Chilean physician and politician

Oscar Enrique Paris Mancilla (born 3 September 1948) is a Chilean physician and politician who served as Minister of Health.

== Biography ==
Born and raised in Puerto Montt, he is the fourth child of Enrique Paris Maldonado, a volunteer firefighter with Bomberos de Chile, and Carmen Mancilla Elgueta, a pharmaceutical chemist by profession. His siblings are Carmen Luz (early childhood educator), Ximena (physician), and Jaime (architect).

His parents were members of the Christian Democratic Party and owned the "Farmacia Angelmó" and "Farmacia Chile," both located in Puerto Montt. In that same commune, his father served as campaign chief for Eduardo Frei Montalva in the 1964 Chilean presidential election.

During his medical studies, he also participated in theater and sports activities. He was a member of a folk music group formed by classmates, Los del San Javier, during the era of Los Cuatro Cuartos.

Before beginning university, he reportedly expressed to friends that, if he did not study medicine, he would become a Jesuit missionary. In 1965, he ran for president of his school's student council, losing the election.

===Professional career===
Between 1969 and 1970, he studied pathological anatomy under Helmar Rosenberg at the Pontifical Catholic University of Chile. Years later, in December 2009, Rosenberg was charged in connection with the investigation into the death of Eduardo Frei Montalva.

In 1991, while working at Hospital Sótero del Río, he met a child who frequently required medical attention. He later assumed responsibility for the child's care and, on 21 December 1994, formalized the adoption at the Civil Registry in Providencia.

In an interview published in April 2022, he publicly acknowledged his homosexuality, stating that "having a different sexual orientation was very complex," particularly while studying in a Catholic school environment.

On 17 May 2022, he was declared an honorary citizen ("Hijo Ilustre") of Providencia.

== Education ==
He studied at Colegio San Francisco Javier in Puerto Montt. In 1969, he moved to Santiago to study medicine, graduating as a physician (M.D.) from the Pontifical Catholic University of Chile.

After completing his studies, he began his medical career in Chiloé. Between 1975 and 1979, he served as a rural general practitioner in Achao. He was director of the rural health post in Curaco de Vélez, director of Achao Hospital, head of the child health program, and head of the adult medicine program.

Between 1979 and 1982, he returned to Santiago and completed a pediatric residency at Hospital Luis Calvo Mackenna through the University of Chile.

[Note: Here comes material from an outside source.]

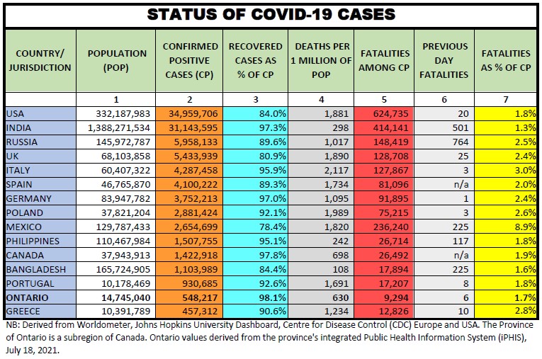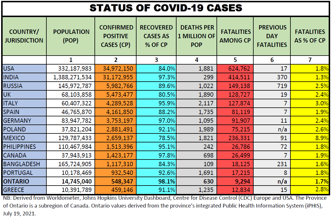 Here we provide a daily update of the data available for select countries and jurisdictions as of July 20, 2021, at 5:00pm EST.
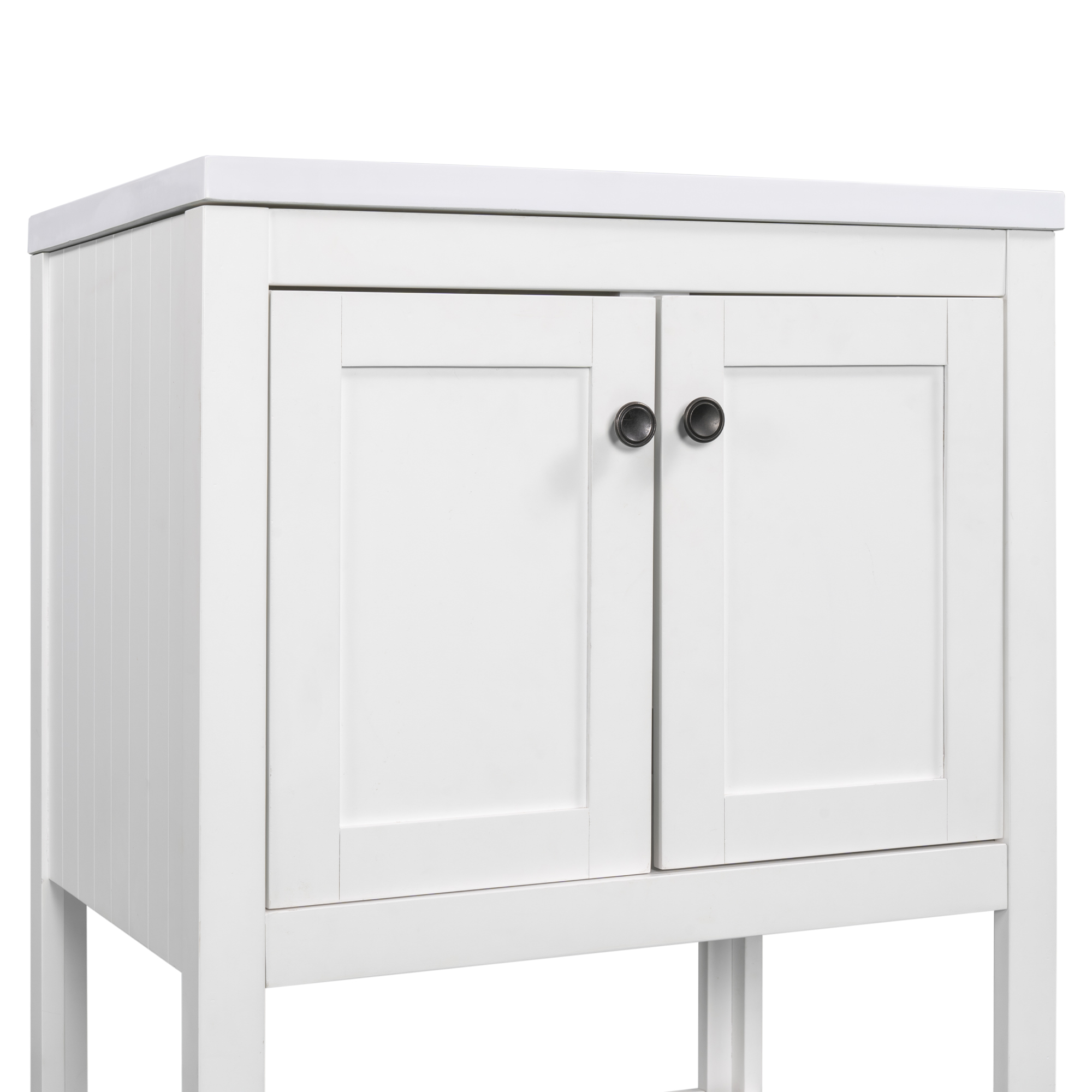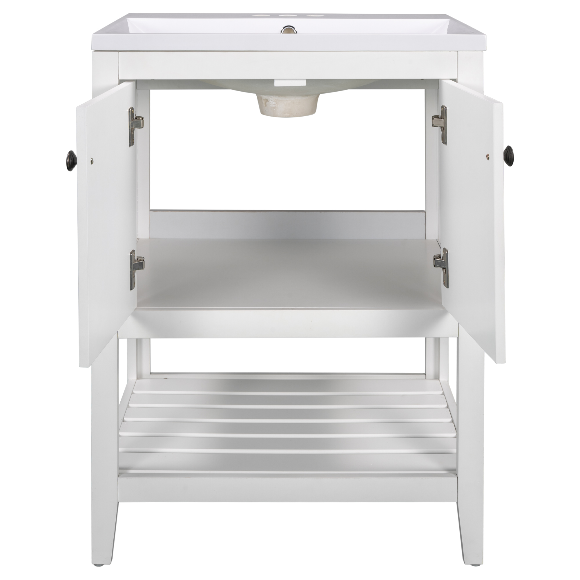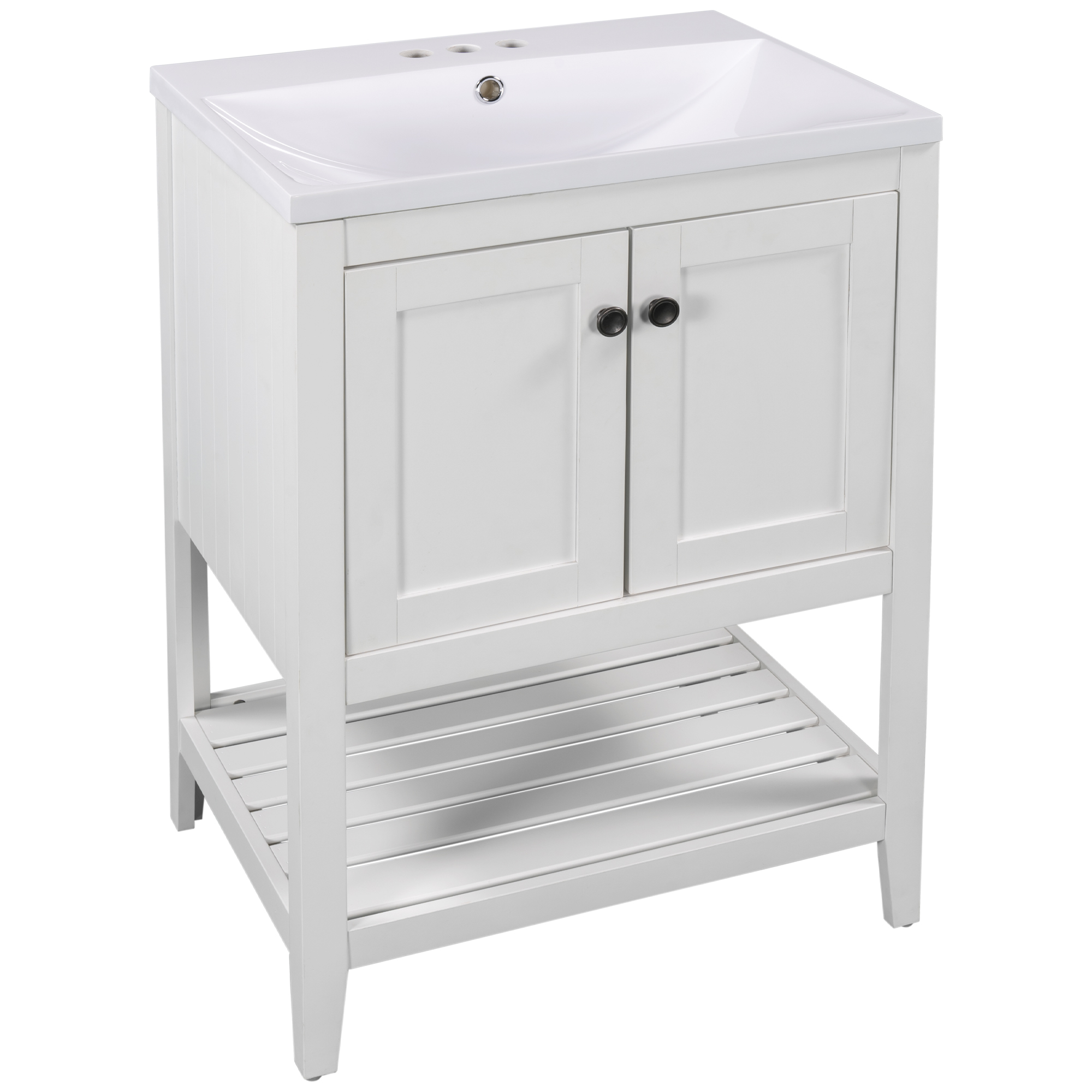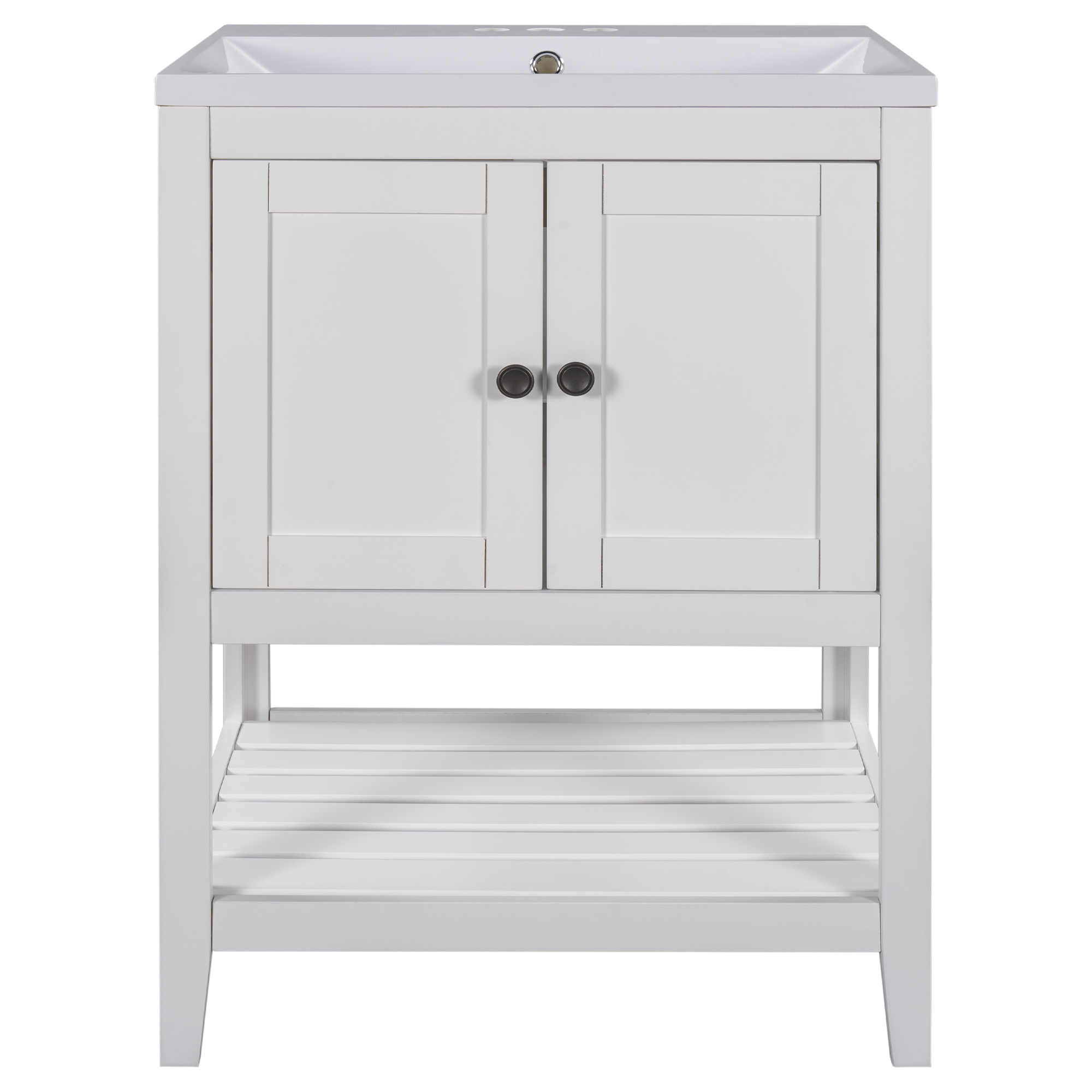This simple and practical design freestanding bathroom vanity features a cabinet and an open-style shelf for storing bathroom essentials. Both the cabinet and the open bottom shelf are spacious, and both offer enough space for most necessities used in the bathroom. With a hollow-out design MDF board, the open bottom shelf is a perfect place to accommodate bath towels or some daily chemicals such as shampoos.

In 1984, he traveled to Belgium to pursue pediatric intensive care studies at the Catholic University of Louvain in Brussels.

He also completed specialization training in toxicology at the National Capital Poison Center of Georgetown University, United States, and in postoperative cardiac intensive care at the Cardio-Surgical Intensive Care Unit of the University of Michigan Hospital.